**Exercise aim:**
Copy exactly the lines that run from the top of the listing to the line containing "息子嫁が断っても断っても4人", both ends included, and omit the pictures.

(Data below Opens)

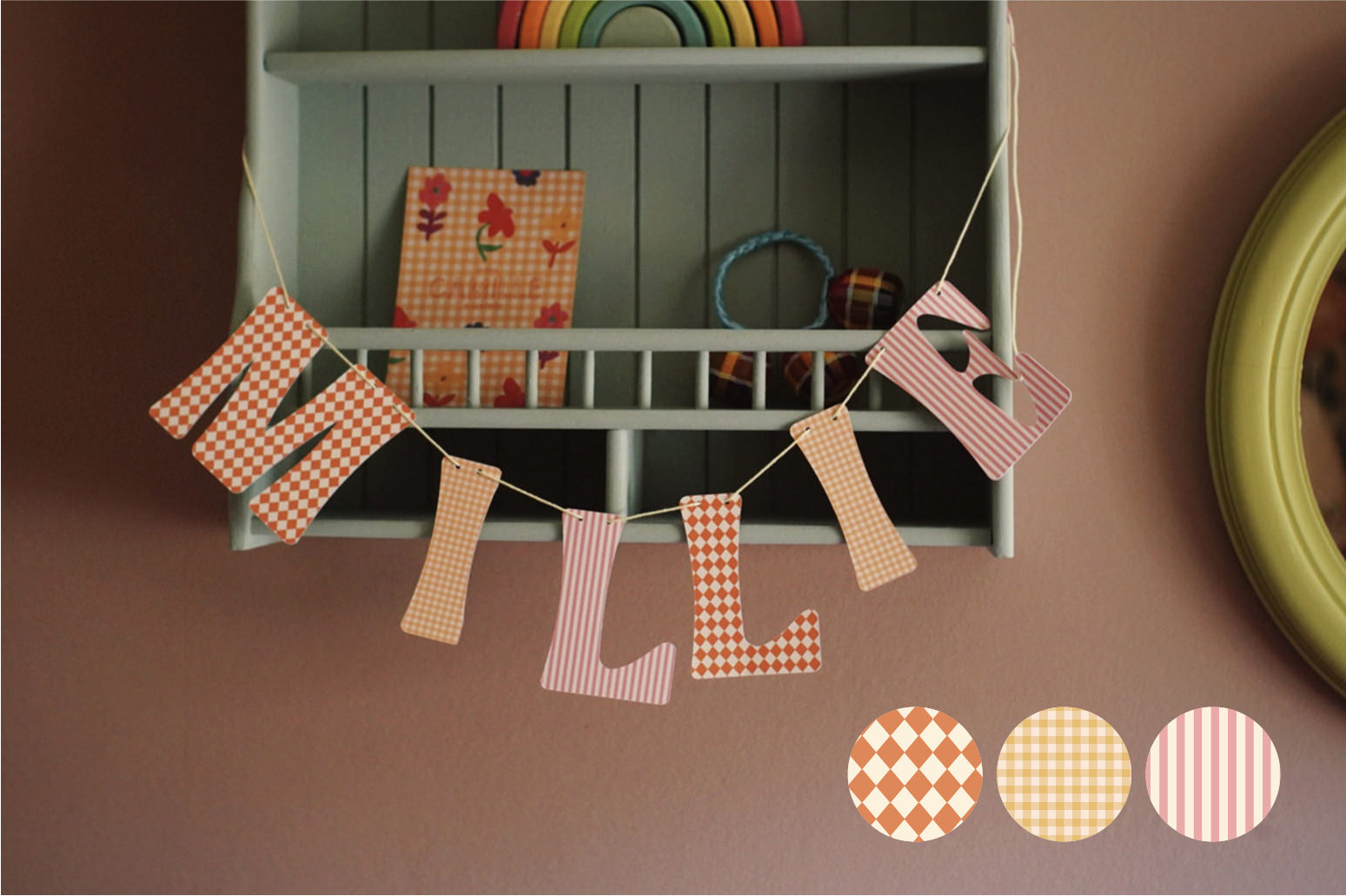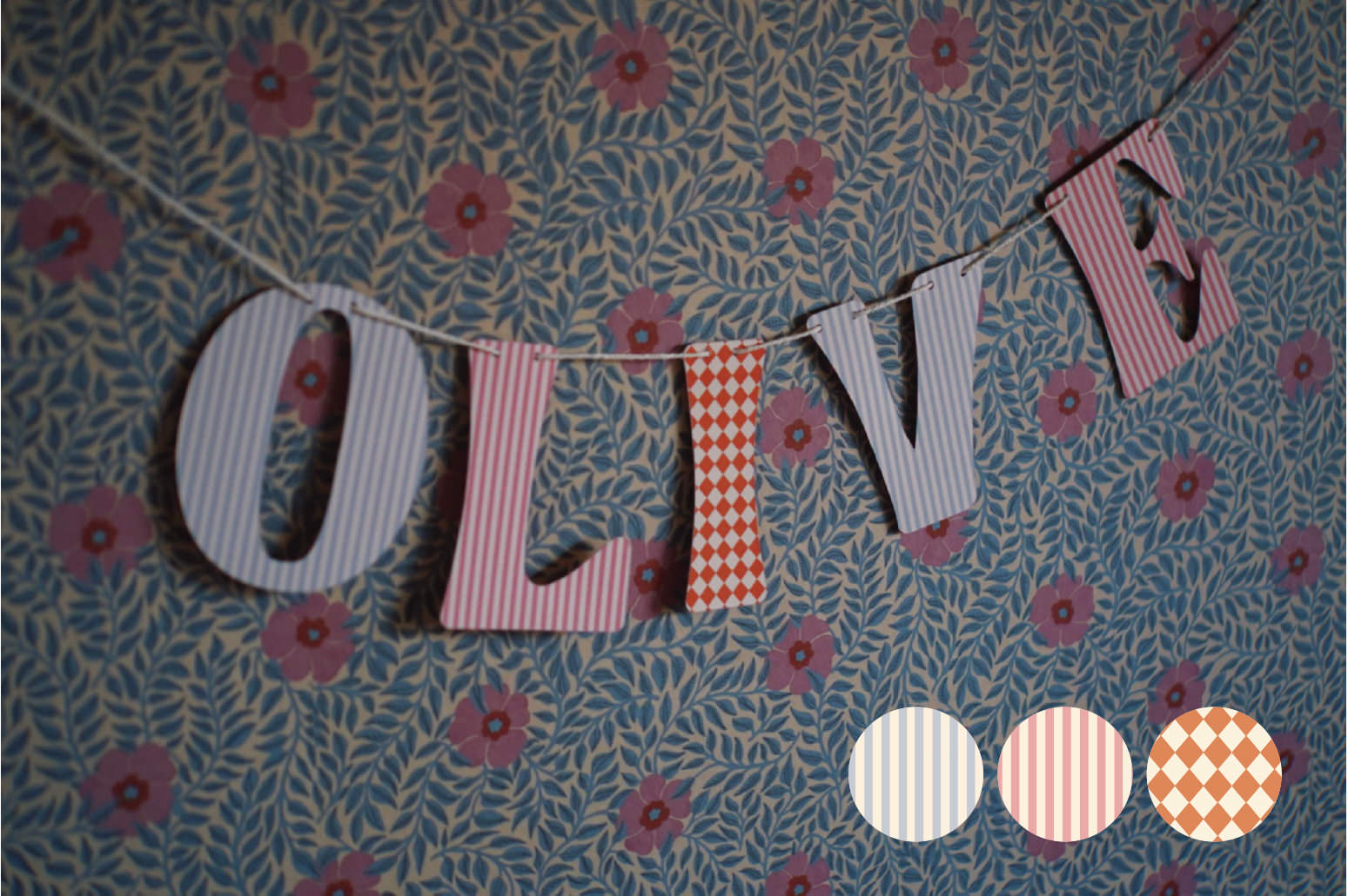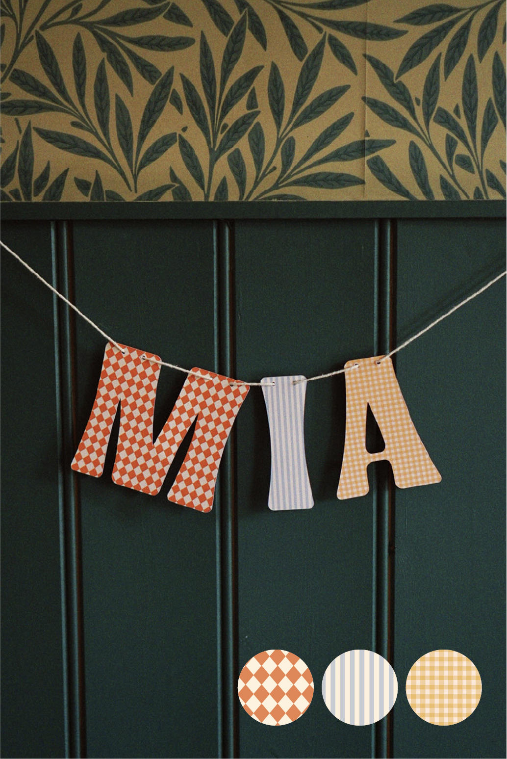 Deze handgemaakte naamslinger kun je ophangen in de kinderkamer, voor het raam bij een geboorte of gebruiken tijdens een verjaardagsfeestje. De slinger wordt speciaal voor jou op maat gemaakt. De patronen op de letters zijn ontworpen door Chien.
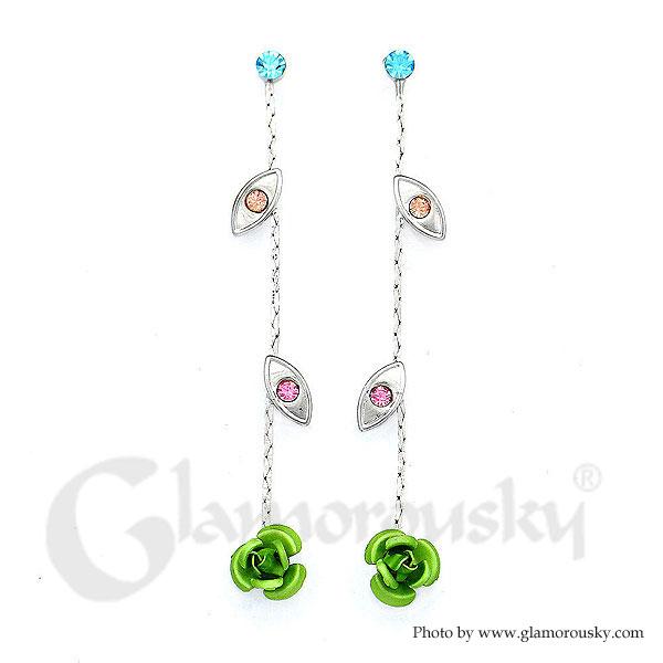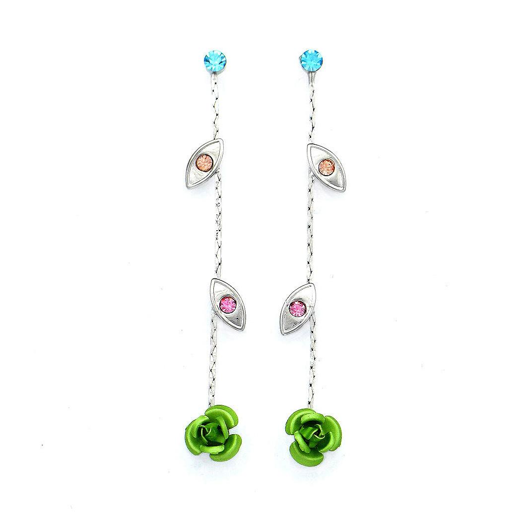 Elegant Rose Earrings with Multi Austrian Element Crystals
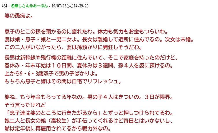 息子嫁が断っても断っても4人の孫を私に押し付けてくる。躾のなってない子供を預かるのはもう嫌なの。なのに高速を5時間も運転させて迎えに来させてまで預けようとするの
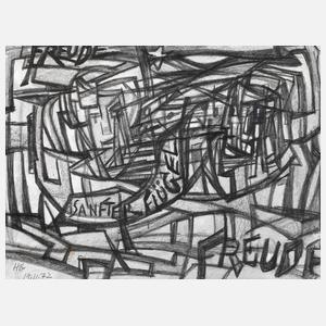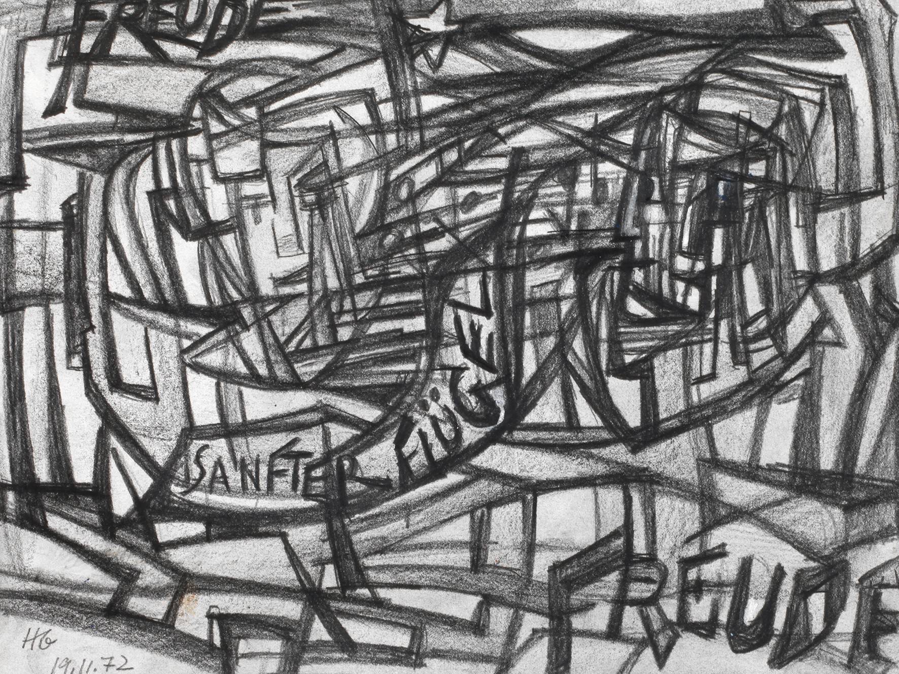 in Darstellung Schriftzug eingearbeitet „Freude sanfter Flügel Freude“, Grafitzeichnung, partiell weiß gehöht, unten links in Blei monogrammiert und datiert „HG 19.11.(19)72“, leichte Altersspuren, ungerahmt, Blattgröße ca. 24 x 31,5 cm. Künstlerinfo: dt.-jüdische Malerin und Graphikerin (1897 Leipzig bis 1980 Kitzbühel), Kindheit in Leipzig, studierte 1914-17 an der Akademie Leipzig bei Hugo Steiner-Prag und Tanzunterricht nach der Methode von Emile Jaques-Dalcroze, ab 1918 Privatschülerin von Otto Richard Bossert, ab 1919 Ballettunterricht an der Oper Leipzig und Gestaltung von Bühnenbildern, ab 1920 Studium an der Akademie Dresden bei Otto Hettner und hier 1921-23 Schülerin von Oskar Kokoschka, 1923 Studienreise in die USA, 1926-27 Studium an der Académie Colarossi in Paris, Studienaufenthalte in Südfrankreich, 1928 Aufenthalt in Rom, Florenz und auf Capri, ab 1932 in München ansässig, 1933 Übersiedlung von Leipzig nach Kitzbühel, 1939-50 Emigration nach England, 1950 Rückkehr nach Kitzbühel, 1954 erste Teilnahme und ab 1955 Lehrerin an der Internationalen Sommerakademie Salzburg, 1956-72 regelmäßige Aufenthalte in Venedig, 1968 Reise nach Israel, 1974 Ehrung mit dem Professorentitel, Quelle: Vollmer, Dressler, Wikipedia und Internet.

(Data below Closes)

**Solution below:**
 Deze handgemaakte naamslinger kun je ophangen in de kinderkamer, voor het raam bij een geboorte of gebruiken tijdens een verjaardagsfeestje. De slinger wordt speciaal voor jou op maat gemaakt. De patronen op de letters zijn ontworpen door Chien.
 Elegant Rose Earrings with Multi Austrian Element Crystals
 息子嫁が断っても断っても4人の孫を私に押し付けてくる。躾のなってない子供を預かるのはもう嫌なの。なのに高速を5時間も運転させて迎えに来させてまで預けようとするの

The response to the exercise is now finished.